**Problem statement**
What should be copied is the stretch of entries below from the line with "Capacitación con AGNUR a padres migrantes" up to and including the line with "Schuldads americans en", exactly and without images.

[[ Available data, beginning ]]

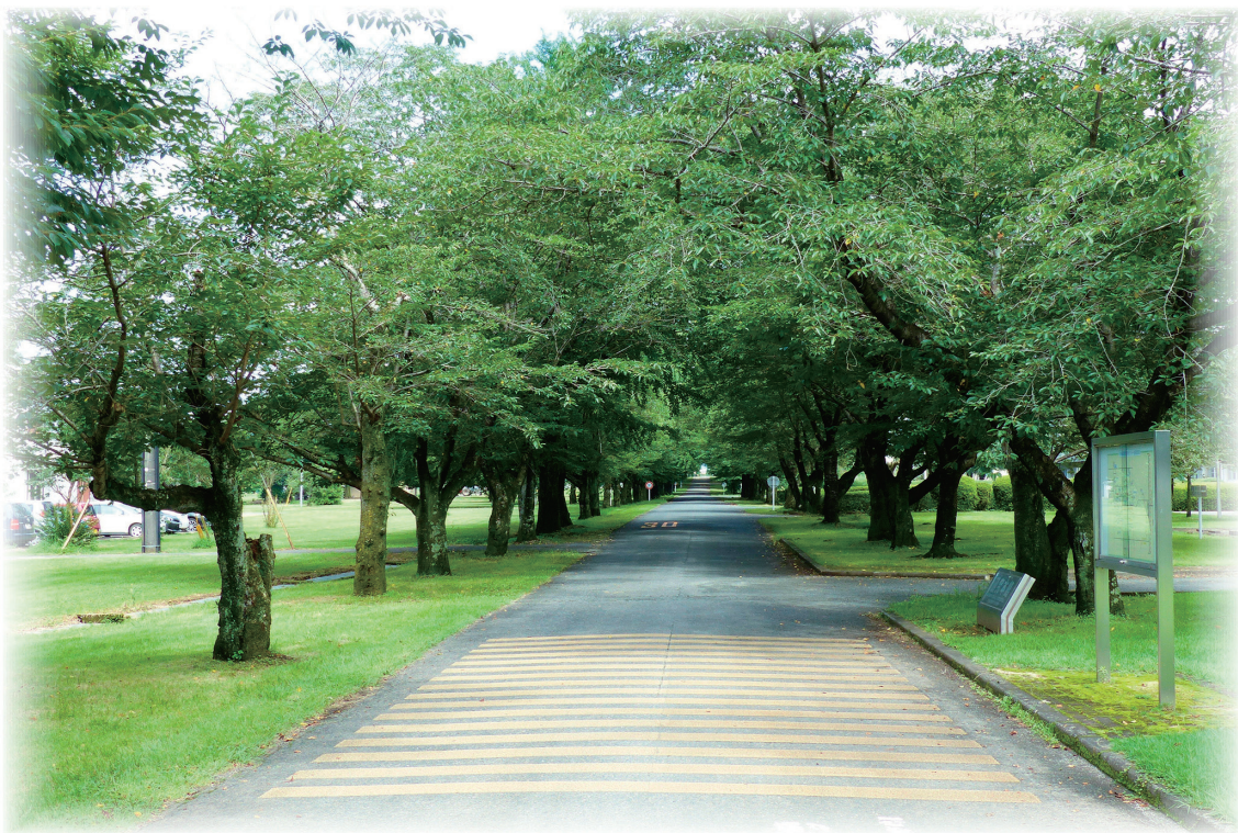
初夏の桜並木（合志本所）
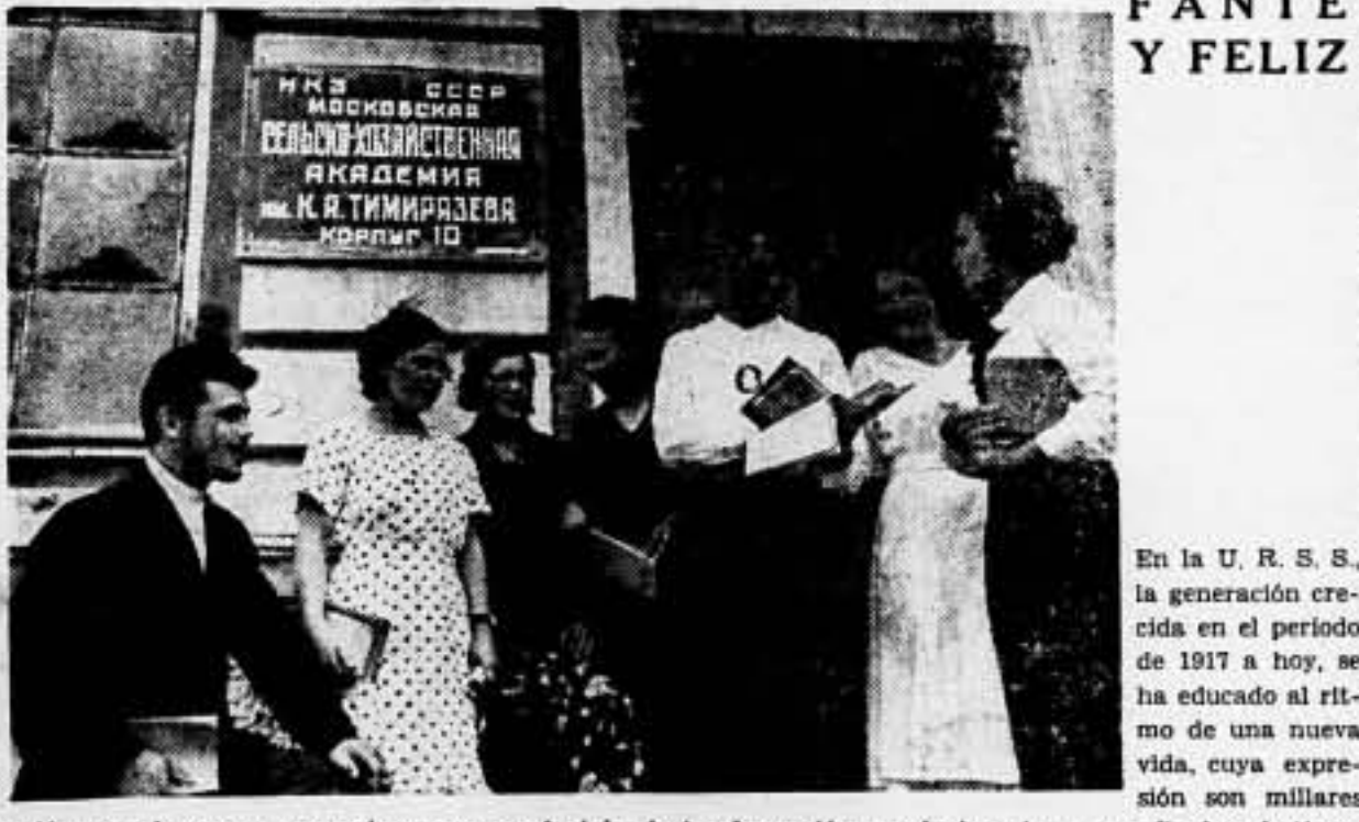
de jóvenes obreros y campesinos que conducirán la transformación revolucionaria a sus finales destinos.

[[ Available data, end ]]
[[ Available data, beginning ]]

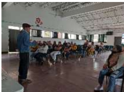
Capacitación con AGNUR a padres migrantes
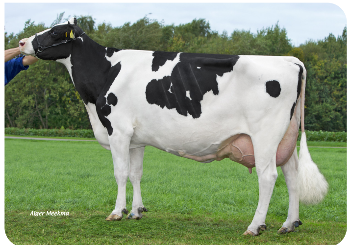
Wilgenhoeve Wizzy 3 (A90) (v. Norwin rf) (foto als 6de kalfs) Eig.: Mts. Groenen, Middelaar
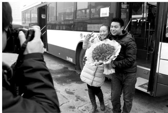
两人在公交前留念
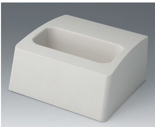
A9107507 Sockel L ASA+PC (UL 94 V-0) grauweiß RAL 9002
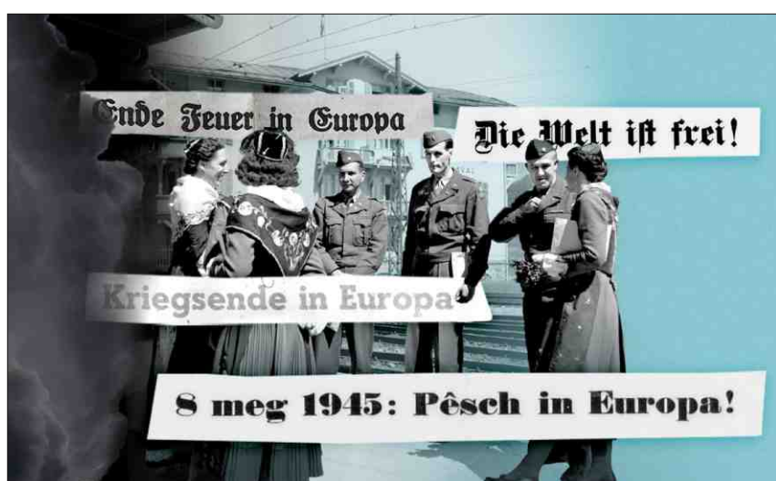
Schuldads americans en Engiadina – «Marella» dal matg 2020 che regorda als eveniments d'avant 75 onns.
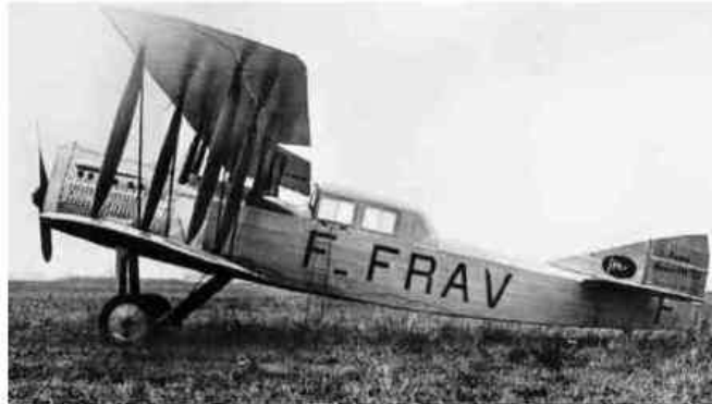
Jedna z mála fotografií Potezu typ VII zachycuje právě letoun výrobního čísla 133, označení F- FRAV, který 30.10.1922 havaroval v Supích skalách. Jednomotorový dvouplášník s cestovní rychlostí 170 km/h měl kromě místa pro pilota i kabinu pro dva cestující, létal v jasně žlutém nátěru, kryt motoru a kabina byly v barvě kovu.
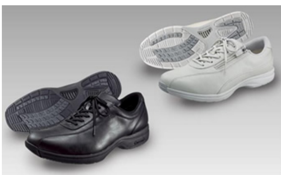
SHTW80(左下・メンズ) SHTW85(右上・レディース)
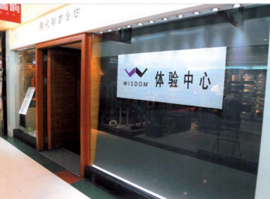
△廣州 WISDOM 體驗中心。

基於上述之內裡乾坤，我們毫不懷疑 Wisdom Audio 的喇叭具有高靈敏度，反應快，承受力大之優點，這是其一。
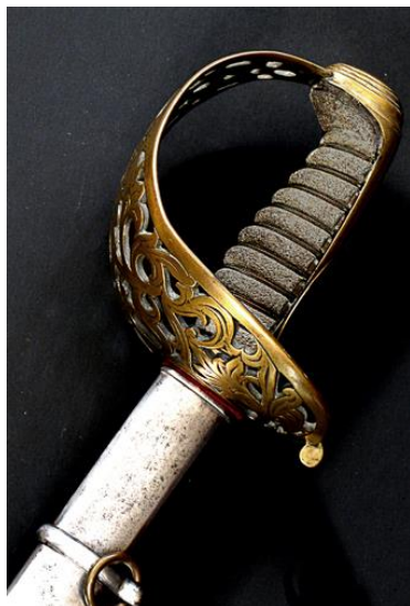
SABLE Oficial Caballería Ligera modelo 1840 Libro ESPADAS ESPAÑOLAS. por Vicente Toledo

[[ Available data, end ]]

**Reply**
Capacitación con AGNUR a padres migrantes
Wilgenhoeve Wizzy 3 (A90) (v. Norwin rf) (foto als 6de kalfs) Eig.: Mts. Groenen, Middelaar
两人在公交前留念
A9107507 Sockel L ASA+PC (UL 94 V-0) grauweiß RAL 9002
Schuldads americans en Engiadina – «Marella» dal matg 2020 che regorda als eveniments d'avant 75 onns.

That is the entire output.